Under New Mexico law, involuntary manslaughter is a fourth-degree felony and is punishable by up to 18 months in jail and a $5,000 fine. This charge also includes the misdemeanor charge of negligent use of a firearm, which would likely merge as a matter of law.
“The other charge is involuntary manslaughter in the commission of a lawful act,” the statement continues. “This charge requires proof that there was more than simple negligence involved in a death. This is also a fourth-degree felony punishable by up to 18 months in jail and up to a $5,000 fine. This charge includes a firearm enhancement, or added mandatory penalty because a firearm was involved. The firearm enhancement makes the crime punishable by a mandatory five years in jail.”
“There is a very clear process for pursuing justice in this case,” Carmack-Altwies said in a statement. “We are committed to upholding the integrity of that process to ensure equal justice under the law.”
Vanity Fair reports last April, New Mexico’s workplace safety division fined the producers the maximum amount for unsafe handling of firearms.
In October, Baldwin announced that he and the other producers of Rust had reached a settlement agreement with Hutchins’ family, with her husband, Matt, joining the unfinished project as an executive producer.

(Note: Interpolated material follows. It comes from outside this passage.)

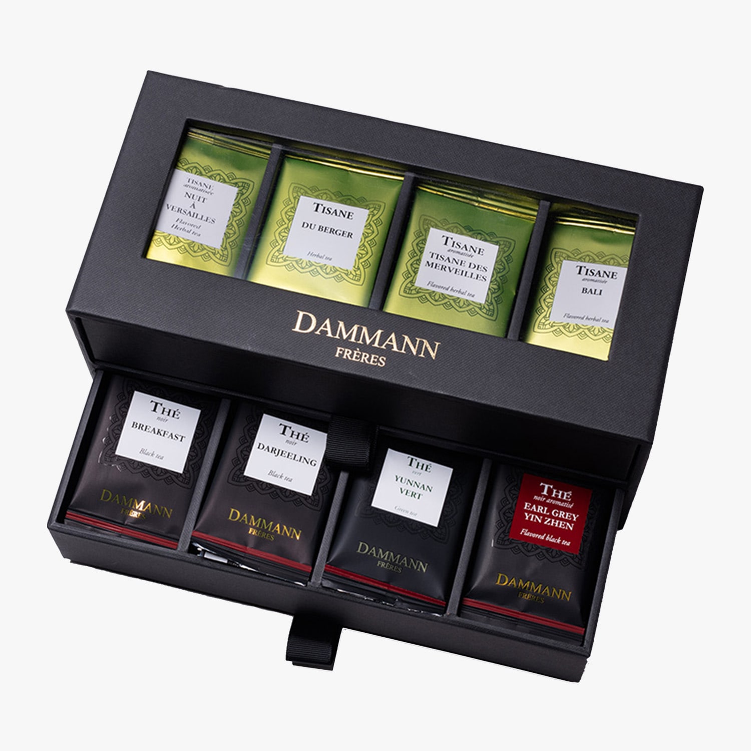 Assortiment de 4 thés et 4 tisanes conditionnés en sachets individuellement enveloppés (56 sachets Cristal®)

The Hutchins family lawyers recently declined to comment on the state of that settlement. Although Baldwin had said he hoped to resume filming as soon as this month, that has not yet happened.
Charges will be formally filed with New Mexico’s First Judicial District Court before the end of the month, according to Carmack-Altwies.
The defendants will be sent a summons and “required to make a ‘first appearance,’ a procedure that is often referred to in other jurisdictions as an arraignment,” the statement said. That may happen virtually, or the defendants could waive the appearance.
From there, a preliminary hearing will be held, most likely in the next two months, in which the prosecution presents the case to a judge, who will then rule on whether a trial should move forward.